BEGIN Supplied material
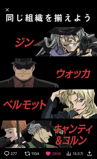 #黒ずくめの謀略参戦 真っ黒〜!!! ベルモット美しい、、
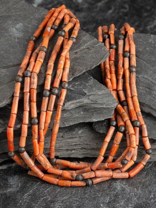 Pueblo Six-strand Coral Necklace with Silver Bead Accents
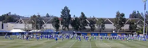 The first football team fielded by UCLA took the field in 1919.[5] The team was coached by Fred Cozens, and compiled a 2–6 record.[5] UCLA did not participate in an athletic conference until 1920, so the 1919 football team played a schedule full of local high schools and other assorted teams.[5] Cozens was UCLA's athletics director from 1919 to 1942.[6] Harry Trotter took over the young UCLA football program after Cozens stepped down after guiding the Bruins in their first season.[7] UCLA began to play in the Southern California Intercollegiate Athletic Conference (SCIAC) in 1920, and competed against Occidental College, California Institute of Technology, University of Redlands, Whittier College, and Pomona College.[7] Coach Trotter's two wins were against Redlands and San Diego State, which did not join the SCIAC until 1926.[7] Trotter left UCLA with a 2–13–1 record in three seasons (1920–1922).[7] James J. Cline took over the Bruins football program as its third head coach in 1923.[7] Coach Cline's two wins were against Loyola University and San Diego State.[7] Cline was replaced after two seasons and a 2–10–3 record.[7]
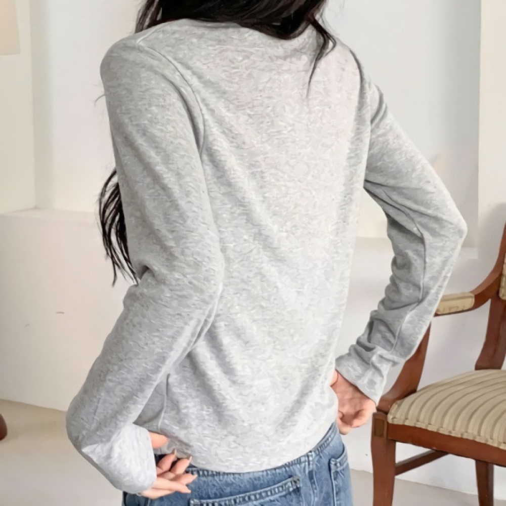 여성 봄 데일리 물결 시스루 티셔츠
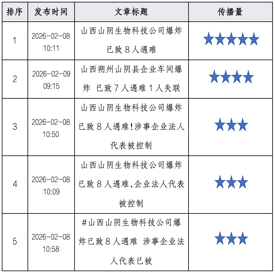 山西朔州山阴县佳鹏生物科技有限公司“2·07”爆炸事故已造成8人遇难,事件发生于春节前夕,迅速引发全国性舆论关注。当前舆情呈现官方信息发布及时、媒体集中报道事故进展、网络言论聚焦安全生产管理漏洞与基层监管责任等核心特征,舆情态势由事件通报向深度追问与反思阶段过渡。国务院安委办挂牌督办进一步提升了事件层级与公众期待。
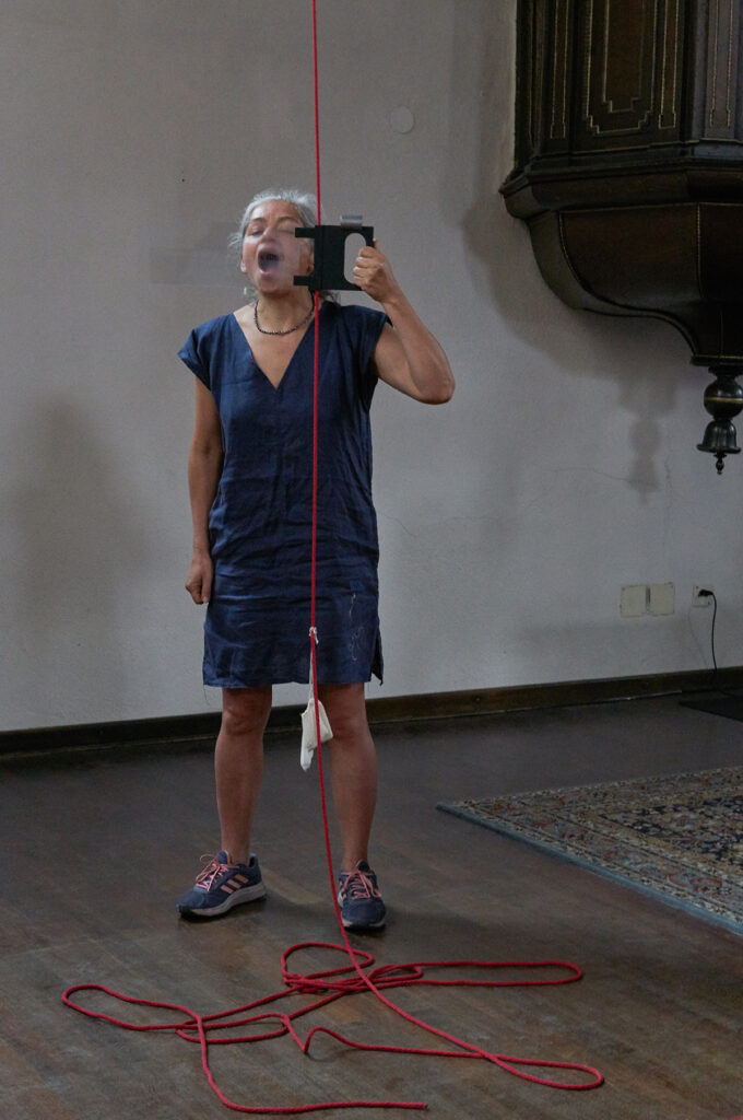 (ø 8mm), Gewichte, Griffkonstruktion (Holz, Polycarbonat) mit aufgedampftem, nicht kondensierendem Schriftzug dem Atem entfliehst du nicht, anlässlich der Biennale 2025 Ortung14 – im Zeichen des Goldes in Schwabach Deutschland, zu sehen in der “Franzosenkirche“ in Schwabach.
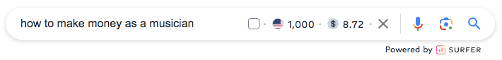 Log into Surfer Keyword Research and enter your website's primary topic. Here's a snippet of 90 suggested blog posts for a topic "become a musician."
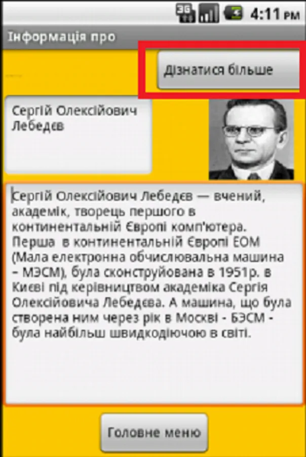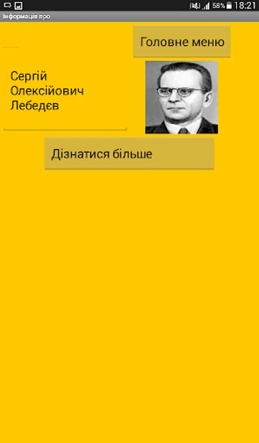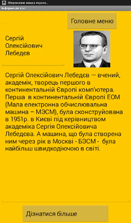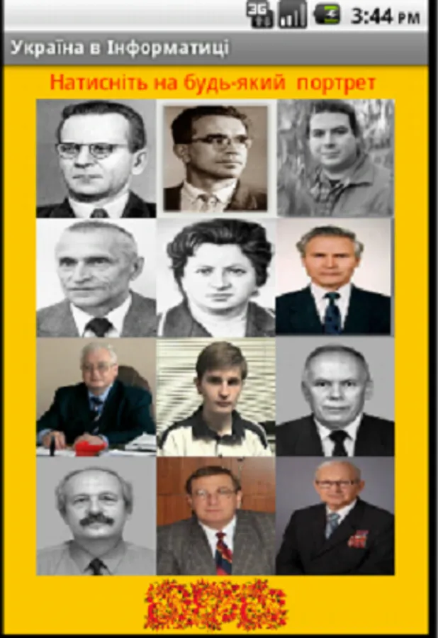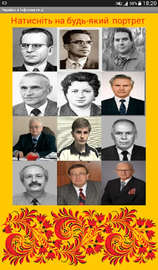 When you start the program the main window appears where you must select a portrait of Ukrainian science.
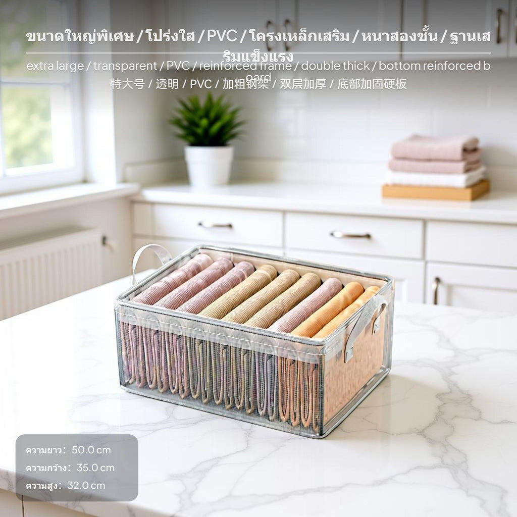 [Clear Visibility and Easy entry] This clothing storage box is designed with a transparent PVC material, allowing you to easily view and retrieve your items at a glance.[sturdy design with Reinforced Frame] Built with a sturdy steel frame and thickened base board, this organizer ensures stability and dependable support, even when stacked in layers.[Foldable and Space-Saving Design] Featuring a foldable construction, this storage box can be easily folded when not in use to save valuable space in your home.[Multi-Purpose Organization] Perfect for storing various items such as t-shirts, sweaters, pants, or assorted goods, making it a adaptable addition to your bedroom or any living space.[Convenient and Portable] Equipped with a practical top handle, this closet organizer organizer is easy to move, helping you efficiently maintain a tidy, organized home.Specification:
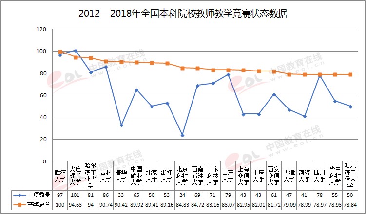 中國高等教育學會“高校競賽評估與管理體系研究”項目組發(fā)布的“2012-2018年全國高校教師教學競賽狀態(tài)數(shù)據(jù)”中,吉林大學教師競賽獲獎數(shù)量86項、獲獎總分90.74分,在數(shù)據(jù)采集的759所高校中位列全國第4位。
END Supplied material
### Problem to solve:
Repeat exactly the lines from the one containing "[Clear Visibility and" to the last line of the records above, including both, and leave out any pictures.

### Your response:
 [Clear Visibility and Easy entry] This clothing storage box is designed with a transparent PVC material, allowing you to easily view and retrieve your items at a glance.[sturdy design with Reinforced Frame] Built with a sturdy steel frame and thickened base board, this organizer ensures stability and dependable support, even when stacked in layers.[Foldable and Space-Saving Design] Featuring a foldable construction, this storage box can be easily folded when not in use to save valuable space in your home.[Multi-Purpose Organization] Perfect for storing various items such as t-shirts, sweaters, pants, or assorted goods, making it a adaptable addition to your bedroom or any living space.[Convenient and Portable] Equipped with a practical top handle, this closet organizer organizer is easy to move, helping you efficiently maintain a tidy, organized home.Specification:
 中國高等教育學會“高校競賽評估與管理體系研究”項目組發(fā)布的“2012-2018年全國高校教師教學競賽狀態(tài)數(shù)據(jù)”中,吉林大學教師競賽獲獎數(shù)量86項、獲獎總分90.74分,在數(shù)據(jù)采集的759所高校中位列全國第4位。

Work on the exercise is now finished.